Perhaps the biggest disappointment is that The Companions barely touched on The Sundering and how it will affect the Forgotten Realms as we move into D&D Next. Another one might be that The Companions is more of a prelude to other upcoming Drizzt novels. All the protagonists from the individual arcs are not dealt with, many plot threads are left unresolved, and things feel unfinished… which is hard to say, considering at the same time, I felt the book ran a bit too long, clocking in at nearly 400 pages, and that there were segments and sections that could have easily been excised in exchange for finishing up each character’s storyline. The end result is a book that fails to deliver on nearly all counts, while still being a well written and gripping read. It’s an odd juxtaposition to be sure, and I still don’t know how I feel about The Companions even while writing this review.
I think the more invested you are in Drizzt, the more emotional and/or visceral a reaction you’ll have to The Companions. For some, this will be a masterstroke and a thank you to long time readers, as all their favorite characters are reunited once more. For others, they will feel annoyed and cheated that several characters are back to life, and even more overpowered than they were the first time. It’s really going to depend on how you view character death and if you think it should be permanent or not. Again, I think writing-wise, this is one of Salvatore’s best novels in some time, even while I don’t think the novel did its actual job of introducing and/or explaining The Sundering, and leaving too many plot threads unresolved.
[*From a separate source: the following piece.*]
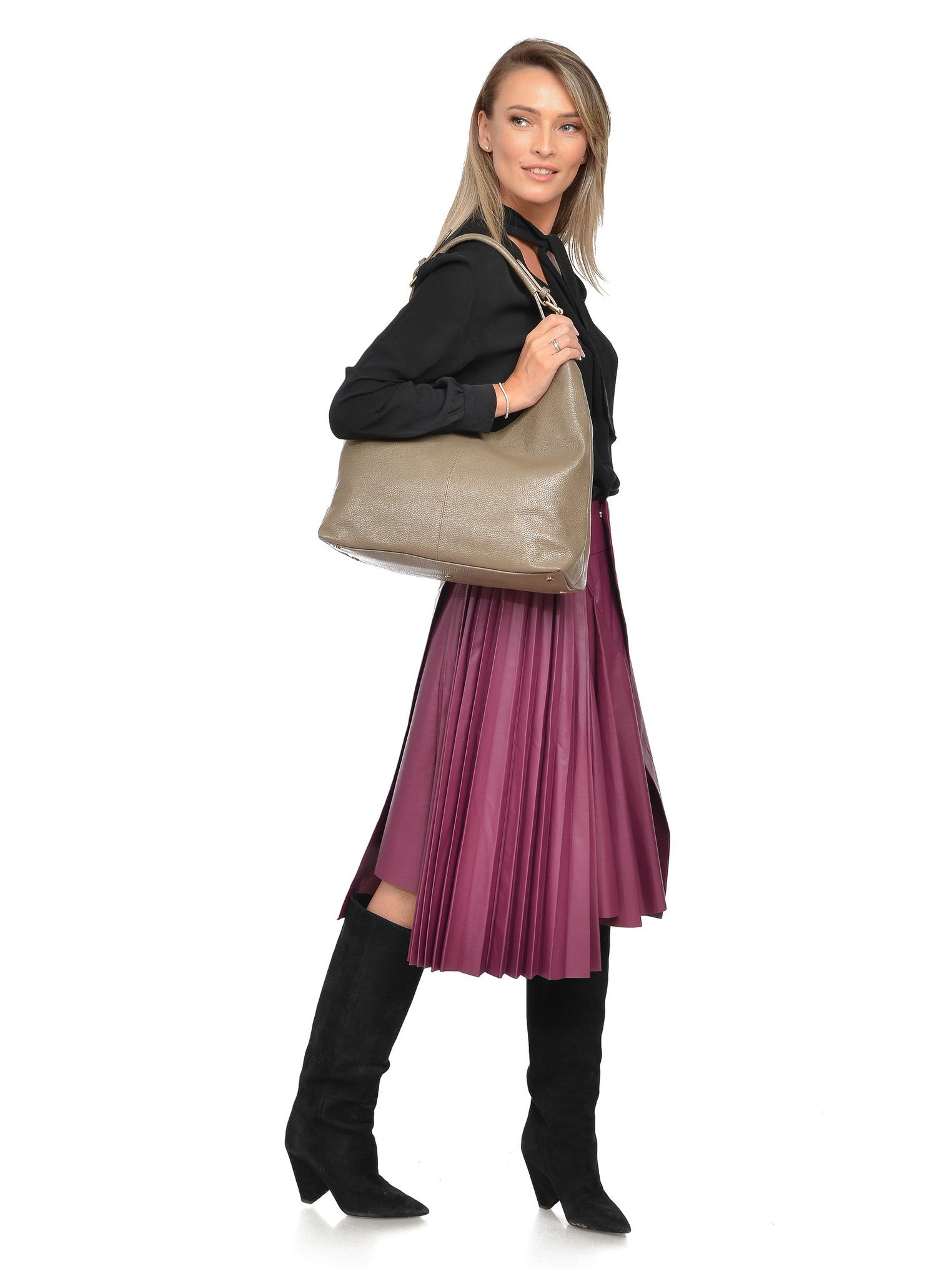 Carla Ferreri Geanta de umar Augusta piele naturala taupe

It’s a good read, especially for Drizzt fans, but if, like me, you’re reading The Companions for the Sundering aspect, you will probably walk away a bit disappointed or feel cheated, while also enjoying the tale told between these covers. I would definitely say that The Companions is better than a lot of Drizzt books I’ve seen over the past decade or so, but not as good as the first six. So it’s one of the better, but it’s not the best. Truly, The Companions elicited mixed emotions, and I’m hoping the other Sundering novels do a better job of showcasing the changes coming to the Forgotten Realms.